◆ Supplied data ◆
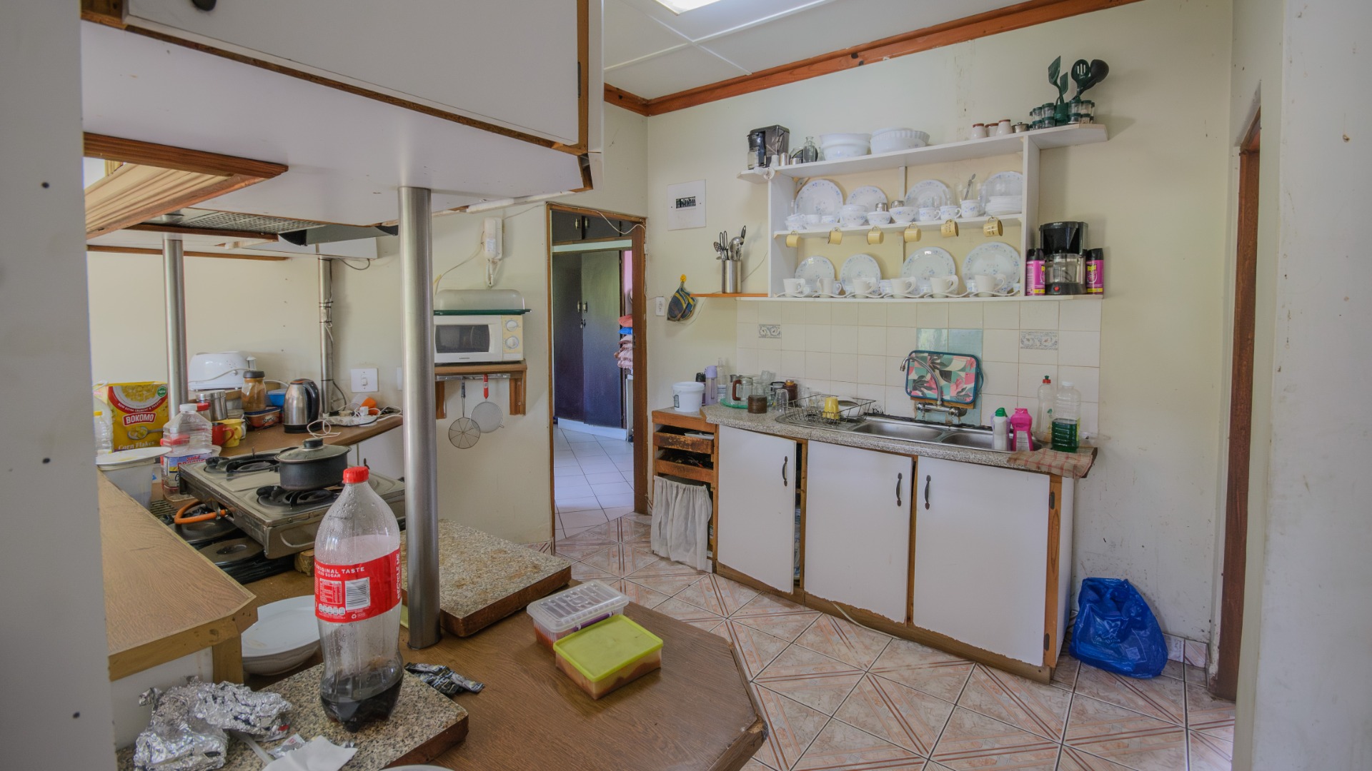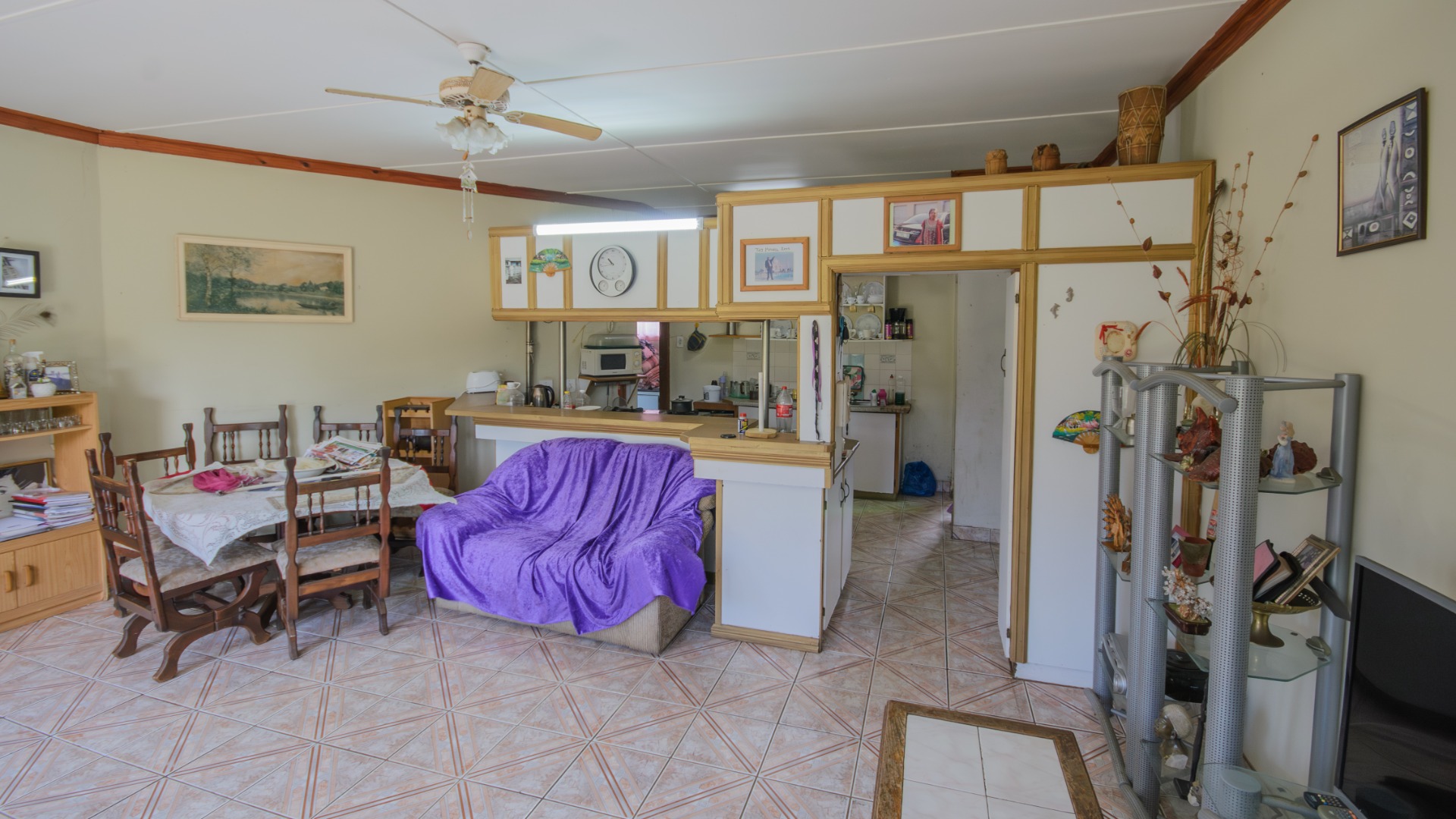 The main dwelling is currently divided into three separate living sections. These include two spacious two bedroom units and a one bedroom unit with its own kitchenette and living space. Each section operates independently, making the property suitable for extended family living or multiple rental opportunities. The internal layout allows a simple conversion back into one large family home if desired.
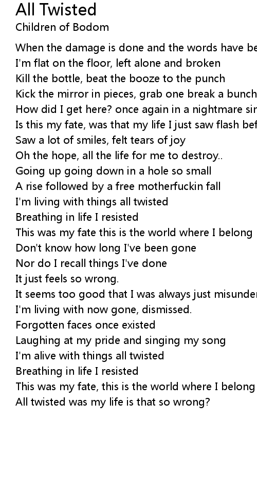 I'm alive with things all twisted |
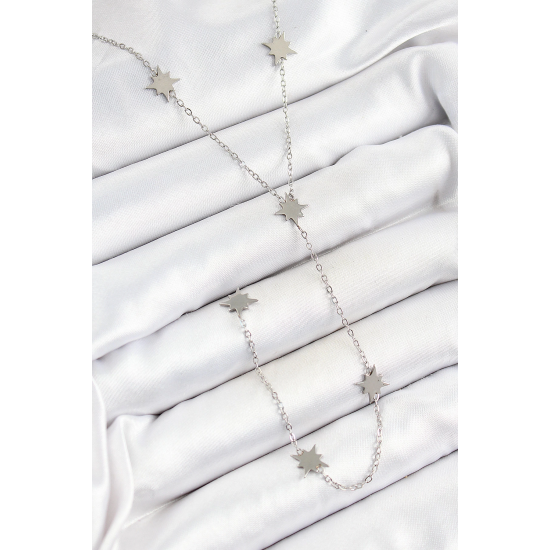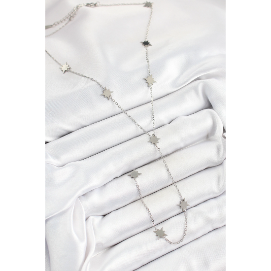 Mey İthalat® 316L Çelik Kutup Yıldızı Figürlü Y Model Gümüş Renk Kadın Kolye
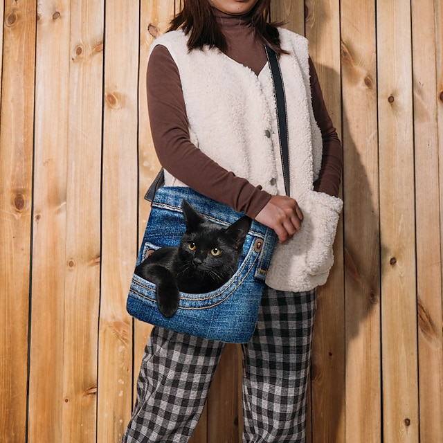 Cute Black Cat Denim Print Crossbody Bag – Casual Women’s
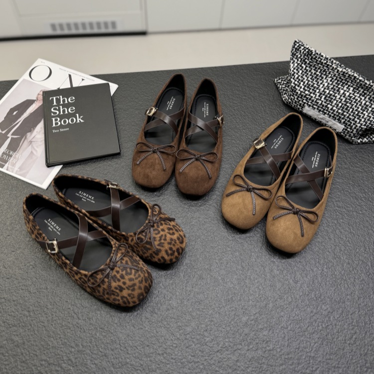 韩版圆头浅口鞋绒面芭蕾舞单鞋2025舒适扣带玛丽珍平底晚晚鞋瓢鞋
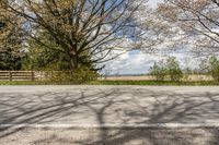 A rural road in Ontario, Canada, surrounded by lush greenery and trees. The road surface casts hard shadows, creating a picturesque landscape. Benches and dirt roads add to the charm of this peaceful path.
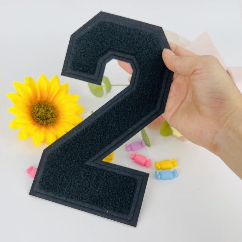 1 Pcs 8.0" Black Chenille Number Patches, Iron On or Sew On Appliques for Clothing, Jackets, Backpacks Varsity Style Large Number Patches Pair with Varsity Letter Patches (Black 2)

◆ Exercise requirements ◆
Restate word for word the lines from the one containing "Cute Black Cat" through the end of the material above, both included, and nothing besides; drop the pictures.

◆ Solution to the exercise ◆
 Cute Black Cat Denim Print Crossbody Bag – Casual Women’s
 韩版圆头浅口鞋绒面芭蕾舞单鞋2025舒适扣带玛丽珍平底晚晚鞋瓢鞋
 A rural road in Ontario, Canada, surrounded by lush greenery and trees. The road surface casts hard shadows, creating a picturesque landscape. Benches and dirt roads add to the charm of this peaceful path.
 1 Pcs 8.0" Black Chenille Number Patches, Iron On or Sew On Appliques for Clothing, Jackets, Backpacks Varsity Style Large Number Patches Pair with Varsity Letter Patches (Black 2)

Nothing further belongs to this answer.